Studio album by Phranc
- Released: 1985
- Recorded: 1985
- Genre: Folk
- Length: 41:06
- Label: Rhino
- Producer: Phranc

Phranc chronology
|  | Folksinger (1985) | I Enjoy Being a Girl (1989) |

= Folksinger (Phranc album) =

Folksinger is an album by folk singer-songwriter Phranc, released in 1985.

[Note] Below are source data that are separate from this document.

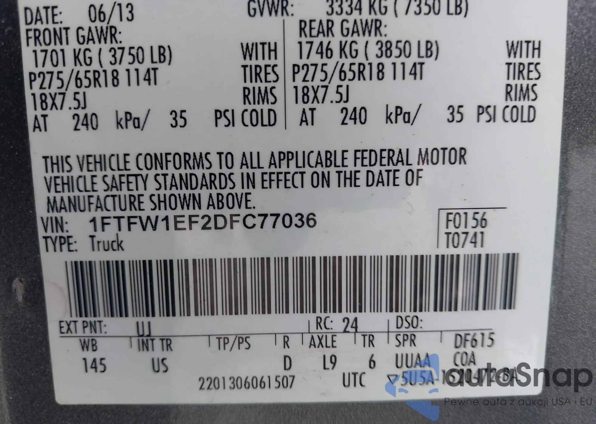 • VIN 4T1BF1FK7DU235060
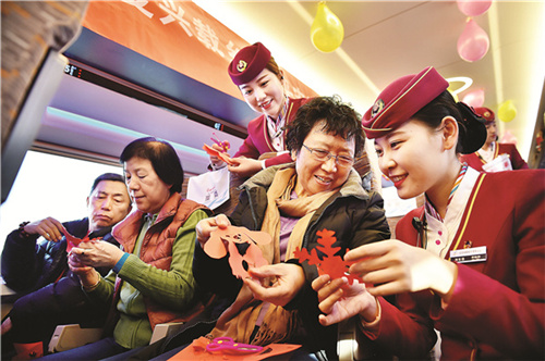 乘务员在车厢内开展特色主题活动。
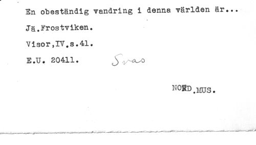 //// En obeständig vandring i denna världen ar... //// * //// Jä.Frostviken. //// Visor,IV.s.41. //// E.U. 20411. j ^o //// NORD.Mus. ////

Phranc's first solo LP fused elements of her punk rock past with acoustic folk music. She covers Bob Dylan's "The Lonesome Death of Hattie Carroll," comments on the image of girl groups ("Everywhere I Go (I Hear the Go Go's)"), and relays the personal tragedy of suicide in "Lifelover."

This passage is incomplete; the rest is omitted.